Desmond Warren Tennant (17 October 1925 – 12 January 2009) was a Welsh professional footballer who scored 40 goals from 400 appearances in the Football League playing for Brighton & Hove Albion.

Life and career
Tennant was born in Aberdare and attended the town's Boys' Grammar School, where he played both football and rugby. He began his football career as a junior with Cardiff City, when he was capped by Wales at youth level.
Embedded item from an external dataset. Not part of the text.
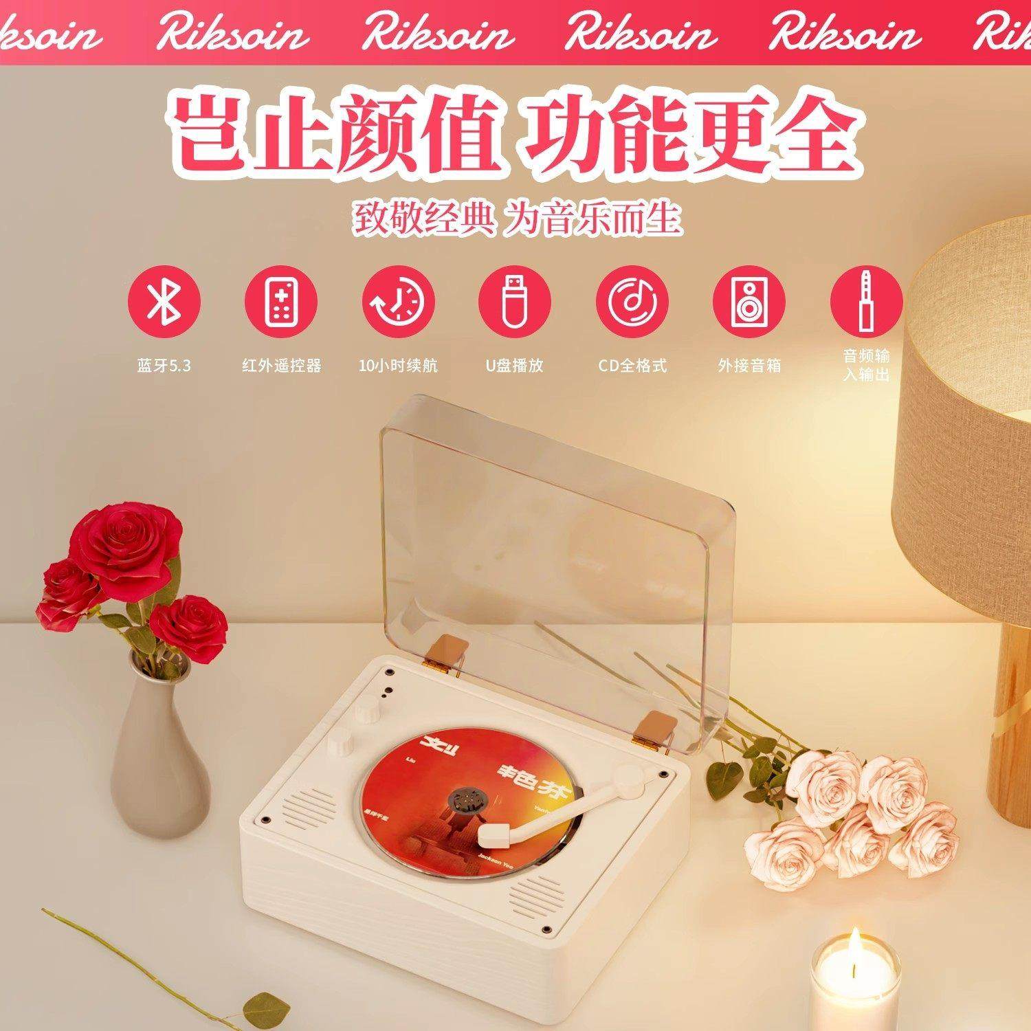 复古cd机便捷式蓝牙音响播放器专辑光碟黑胶唱片机一体播放器便携

After making 31 appearances in the Southern League for Barry, Tennant joined Brighton & Hove Albion, making his Football League debut in the 1948–49 season. Although primarily a right back, he played in a variety of positions, and was the club's top scorer in his first season with 11 goals in all competitions. Nicknamed "The Tank", he was described as a "very important player" in the Brighton team promoted to the Second Division for the first time in 1957–58. By the time he retired in 1959, having lost his place to Tommy Bisset, he had played 424 matches and scored 47 goals in all competitions. He then joined the coaching staff at the club, later acting as chief scout.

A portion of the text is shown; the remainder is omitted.